Кареб, или Повесть о пироге с дамасскими сливами
Марку и Лене Керзнер
I
По всей Азии славились справедливость и могущество вавилонского царя. Слышащие о них не верили; видевшие не находили им равных. Но еще более них были славны статуи на одной из площадей Вавилона, представляющие все города и провинции, подвластные вавилонскому царю, каждая с колокольчиком в руке. Лишь только в каком-либо уголке государства зачинался мятеж или рождалась мысль о заговоре против государя, статуя на площади, олицетворяющая возмущенную область, поворачивалась лицом в ее сторону и звонила в свой колокольчик. Жрецы, надзирающие за поведением чудесных статуй, спешили сообщить об этом царю, и вовремя посланные войска уничтожали крамолу, пока она не дала ядовитых всходов. Это удивительное достояние вавилонского владыки отрезвляло его неблагодарных подданных и заставляло завидовать соседей.
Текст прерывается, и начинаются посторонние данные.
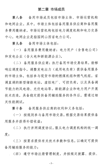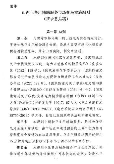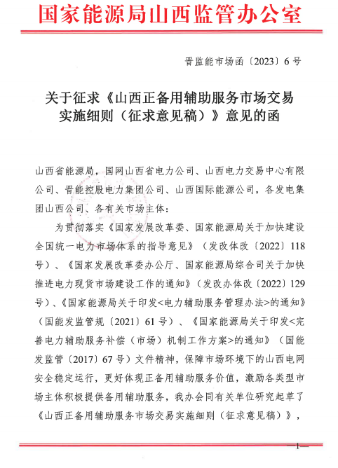 山西能監(jiān)辦發(fā)布山西正備用輔助服務(wù)市場(chǎng)交易實(shí)施細(xì)則(征求意見稿)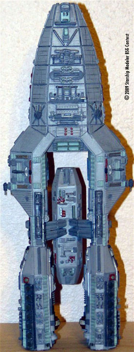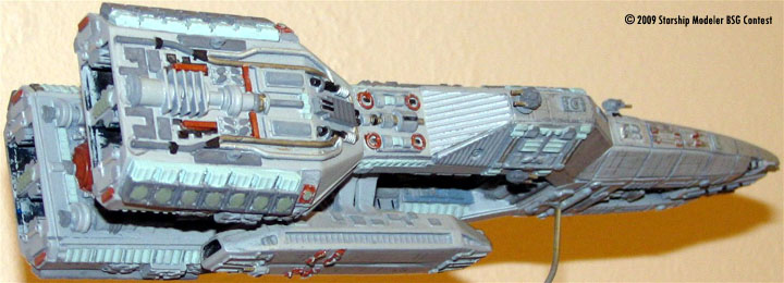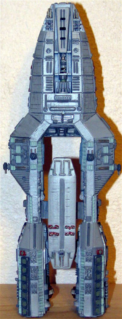 This is Fantastic Plastic Defender-class ship in 1/3700 scale. It's based off of a fan-produced design by Todd Boyce, made initially for a table-top Role-Playing Game (RPG) in which he played fairly regularly. One of the fine folks at Zoic Studios, being fans of TOS BSG and ship design, saw this design online while trying to come up with "fill ships" with which to flesh out the Rag Tag Fugitive Fleet for the new Battlestar Galactica, built a CGI model and added it. We initially see the design in the first episode of Season One, entitled "33" - albiet from an aft view where we really can't make out much detail. We later see it appear in some long shots, most notably next to the U.S.S. Sulaco from the movie "Aliens" in the First Season episode "Flesh and Bone". It shows up most prominently in the last episode of Season Two, "Lay Down Your Burdens, Part Two", shown over New Caprica as the RTF jumps away from the Cylon Fleet that just appeared overhead.

Есть много объяснений этому чуду, и сходятся они лишь в том, что каждое из них не убедительней прочих. Одни говорят, что царь вавилонский владел знаменитым кольцом Соломона, силой которого заточил в статуях могущественных духов и заставил служить себе всею обширностью и быстротой сведений, какою они располагали. Другие уверяют, что в те времена, когда правда и нравственность еще свободно входили в людские жилища и разделяли пищу со смертными1, люди общались с саламандрами, сильфами и другими незримыми существами так же часто и непринужденно, как теперь с судебными исполнителями; меж тем известно, что для сильфа нет ничего желаннее бессмертной души, получить которую он может, вступив в брак с человеком, и вавилонские владыки благоразумно пользовались этою склонностью сильфов, обещая им хорошенькую вдову с пятнадцатью тысячами ливров ренты в обмен на необременительную службу, за которую сильфы брались тем охотнее, что она удовлетворяла их исконной тяге к перемещениям. Всюду бывая и везде проникая беспрепятственно, сильфы замечали любое вредоносное замышление, кроющееся во тьме, и в тот же миг, достигнув столицы, условленным звоном колокольчика давали знать об увиденном - что до статуй, говорят те, кто держится этого мнения, то в них не больше разума, чем в дверном молотке. Наконец, есть и такие, кто считал, что надо относиться к этому рассказу как к аллегории, которая должна разъяснить нам отношения разума и чувств в нашей душе. Когда их спрашивали, звонили все-таки статуи в колокольчик или нет, они отделывались околичностями.
Дело могли бы прояснить вавилонские жрецы, если бы их теологическая система не была так похожа на топографические планы короля прусского, нарочно наполненные ошибками, чтобы враг, полагаясь на них, завяз в первом же болоте, которое не ждал встретить. Жрецы не забыли сообщить добрым согражданам, что над ними есть небо, но расходились в понимании способов, которыми туда можно попасть. Из-за этого вавилоняне вели себя кто как может, и это придавало их городу живописность помимо той, что принадлежала ему от природы. Каждый вавилонянин дочитывал трактаты своих жрецов до того места, где его поджидало божество, в чьем ведении находился глубокий и безмятежный сон; но если бы у него достало сил проследить их мнения до конца, он узнал бы, что о принципах, руководствуясь которыми статуи выносят свои суждения, ничего положительно сказать нельзя.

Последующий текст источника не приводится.